- **ASSIGNMENT**:
In your copy, leave out all pictures and reproduce every entry exactly.

------

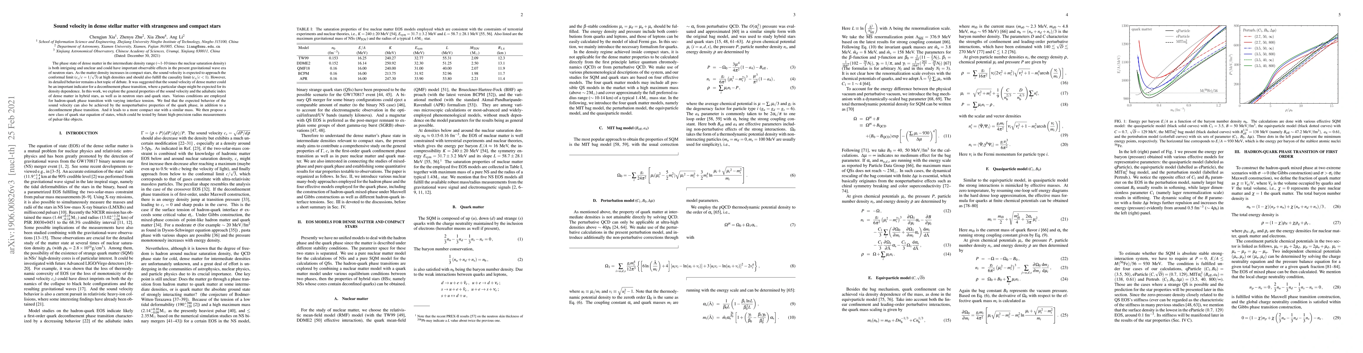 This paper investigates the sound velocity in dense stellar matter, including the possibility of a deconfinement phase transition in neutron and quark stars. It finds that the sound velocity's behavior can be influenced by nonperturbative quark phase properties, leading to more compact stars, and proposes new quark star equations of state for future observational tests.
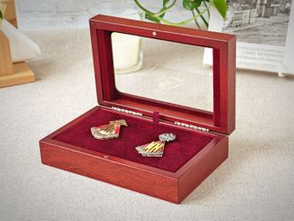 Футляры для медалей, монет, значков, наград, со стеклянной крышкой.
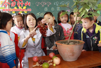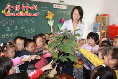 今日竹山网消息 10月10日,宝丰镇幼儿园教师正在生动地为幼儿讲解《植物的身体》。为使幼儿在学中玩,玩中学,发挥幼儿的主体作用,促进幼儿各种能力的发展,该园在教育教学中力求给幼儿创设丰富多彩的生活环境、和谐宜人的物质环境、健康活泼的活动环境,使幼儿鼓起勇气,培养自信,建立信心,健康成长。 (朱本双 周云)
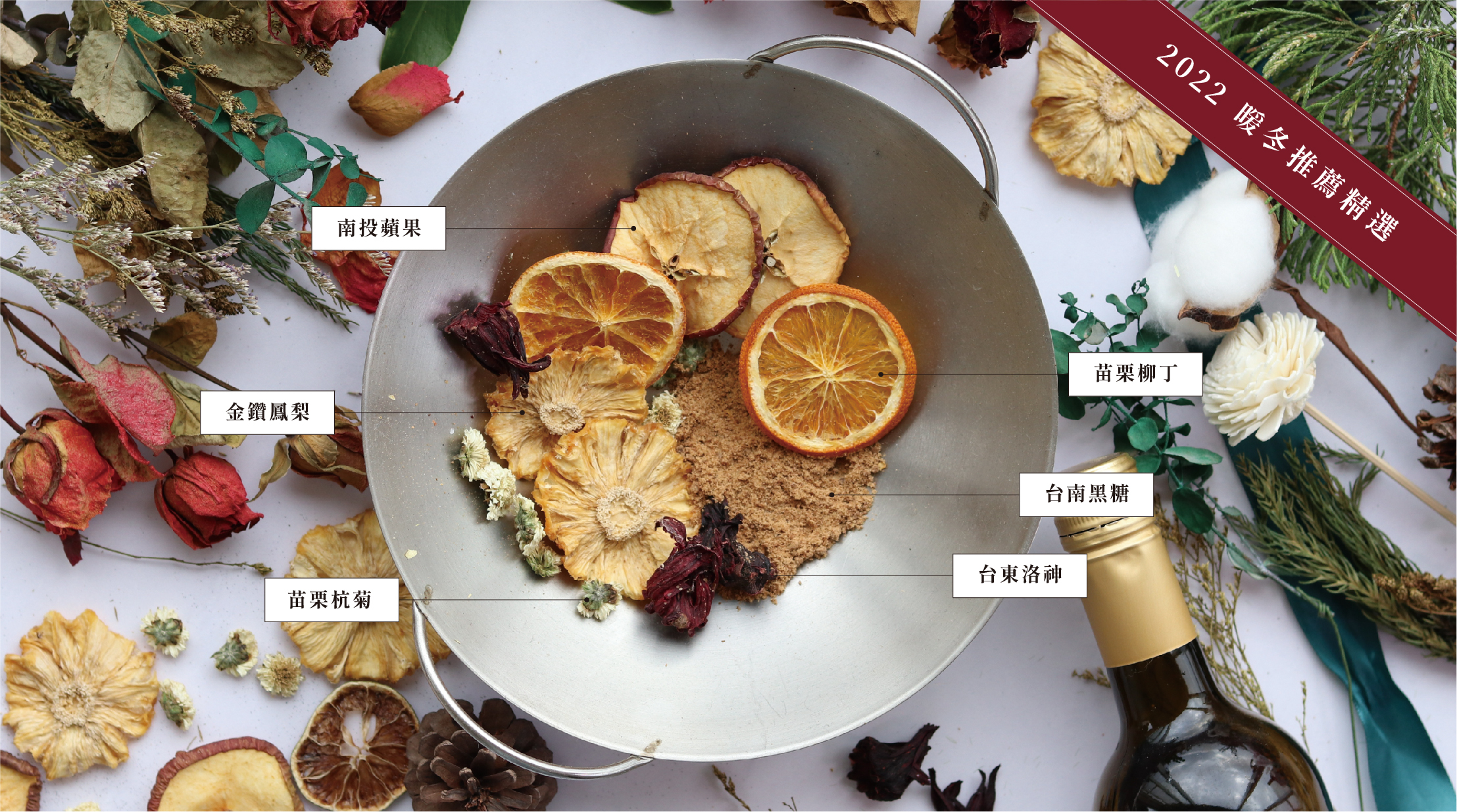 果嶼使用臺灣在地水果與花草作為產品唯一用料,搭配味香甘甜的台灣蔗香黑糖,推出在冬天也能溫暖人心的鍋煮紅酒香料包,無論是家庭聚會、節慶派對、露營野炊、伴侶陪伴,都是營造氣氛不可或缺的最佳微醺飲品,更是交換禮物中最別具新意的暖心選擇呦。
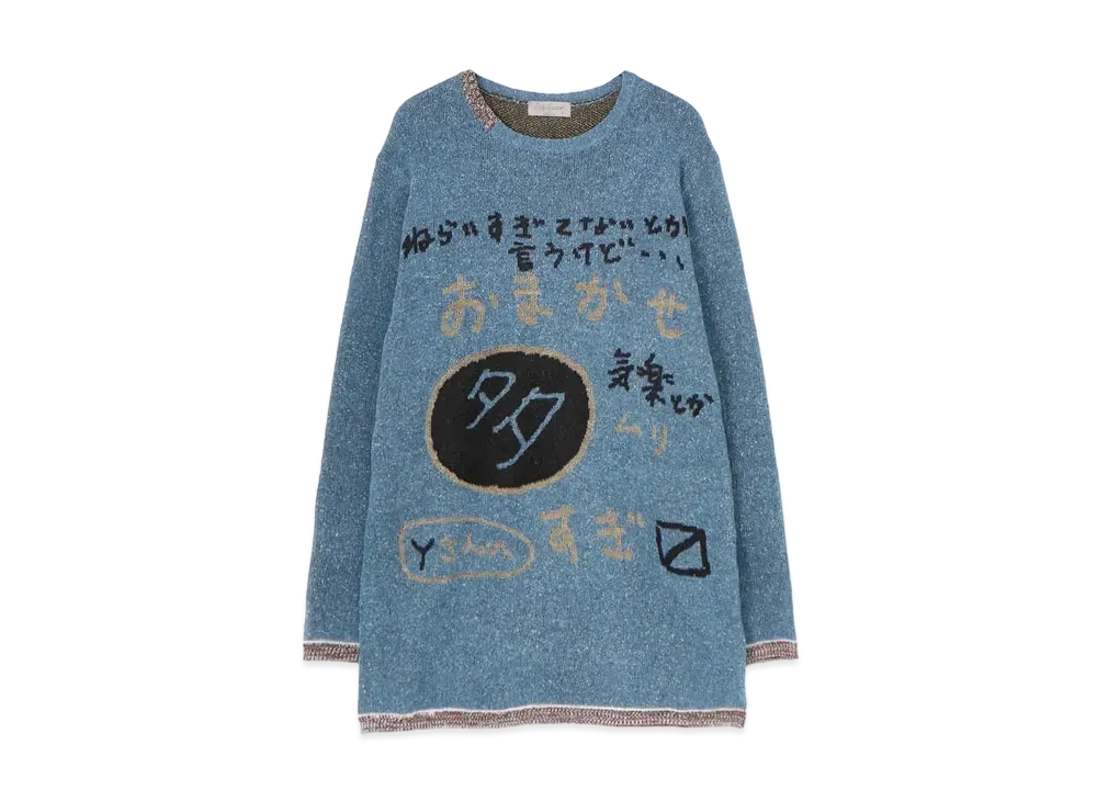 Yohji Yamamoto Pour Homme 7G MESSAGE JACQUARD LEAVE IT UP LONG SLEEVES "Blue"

------

- **ANSWER FOR THIS EXERCISE**:
 This paper investigates the sound velocity in dense stellar matter, including the possibility of a deconfinement phase transition in neutron and quark stars. It finds that the sound velocity's behavior can be influenced by nonperturbative quark phase properties, leading to more compact stars, and proposes new quark star equations of state for future observational tests.
 Футляры для медалей, монет, значков, наград, со стеклянной крышкой.
 今日竹山网消息 10月10日,宝丰镇幼儿园教师正在生动地为幼儿讲解《植物的身体》。为使幼儿在学中玩,玩中学,发挥幼儿的主体作用,促进幼儿各种能力的发展,该园在教育教学中力求给幼儿创设丰富多彩的生活环境、和谐宜人的物质环境、健康活泼的活动环境,使幼儿鼓起勇气,培养自信,建立信心,健康成长。 (朱本双 周云)
 果嶼使用臺灣在地水果與花草作為產品唯一用料,搭配味香甘甜的台灣蔗香黑糖,推出在冬天也能溫暖人心的鍋煮紅酒香料包,無論是家庭聚會、節慶派對、露營野炊、伴侶陪伴,都是營造氣氛不可或缺的最佳微醺飲品,更是交換禮物中最別具新意的暖心選擇呦。
 Yohji Yamamoto Pour Homme 7G MESSAGE JACQUARD LEAVE IT UP LONG SLEEVES "Blue"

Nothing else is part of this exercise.